Just rename adbkey.pub found at "~/.android" on your main PC into "adb_keys" and copy it to "/mnt/userdata/misc/adb" assuming you have mounted your userdata to "/mnt/userdata"

[AdvancedHACKERniV1]

Did anyone try this ?

[ochucki]

Tried without any luck :/   DORO 7060

  Connecting to Phone,Wait..
  Conncet Ok.
  CPUID:0x000940E1
  can not identify
  Manual boot: prog_emmc_firehose_8909_ddr.mbn
  Loading the boot,Wait..
  BootLoad Error. ID: 0003
>>Please change Model,Try again.

[PuriShnit]

I don't think the firehose file is universal for ANY phone, even if it has the same Qualcomm processor.

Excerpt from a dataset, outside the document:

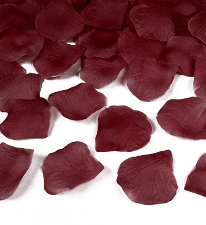 Bordowe płatki róż, wykonane z materiału.

So for using EDL on the Doro, you'd need to wait until someone releases/leaks its firehose loader file...

[AdvancedHACKERniV1]

Try the auto programmer.

[Jashan Grover]

it would not work.

[Hossain Mohammed Shoaib]

i think this is not needed...
also
@advancedhacker have you got success ?

> --
> You received this message because you are subscribed to the Google Groups
> "comp.mobile.nokia.8110" group.
> To unsubscribe from this group and stop receiving emails from it, send an
> email to bananahacker...@googlegroups.com.
> To post to this group, send email to banana...@googlegroups.com.
> To view this discussion on the web visit
> https://groups.google.com/d/msgid/bananahackers/eecfe03d-46cd-4557-9b25-1c1434b06a37%40googlegroups.com.
> For more options, visit https://groups.google.com/d/optout.
>

[AdvancedHACKERniV1]

Yes

[AdvancedHACKERniV1]

I think the firehorse is different for each device. It can be found at the stock ROM of your device. Sadly many devices dont have a stock ROM :(

[try that]

I have downloaded the stock ROM for the Alcatel Go Flip (Alcatel 4044N) from this site: https://alcatelfirmware.com/alcatel-onetouch-go-flip-4044n  But unfortunately the firehorse file is not in there. 

Could be that the firehorse file doesn't always come with the stock ROM? or maybe it has a different name? 

Thanks for your help!

[chabad360]

If I remember correctly, I got mine from the same place and I'm 99% sure it's there. Keep looking.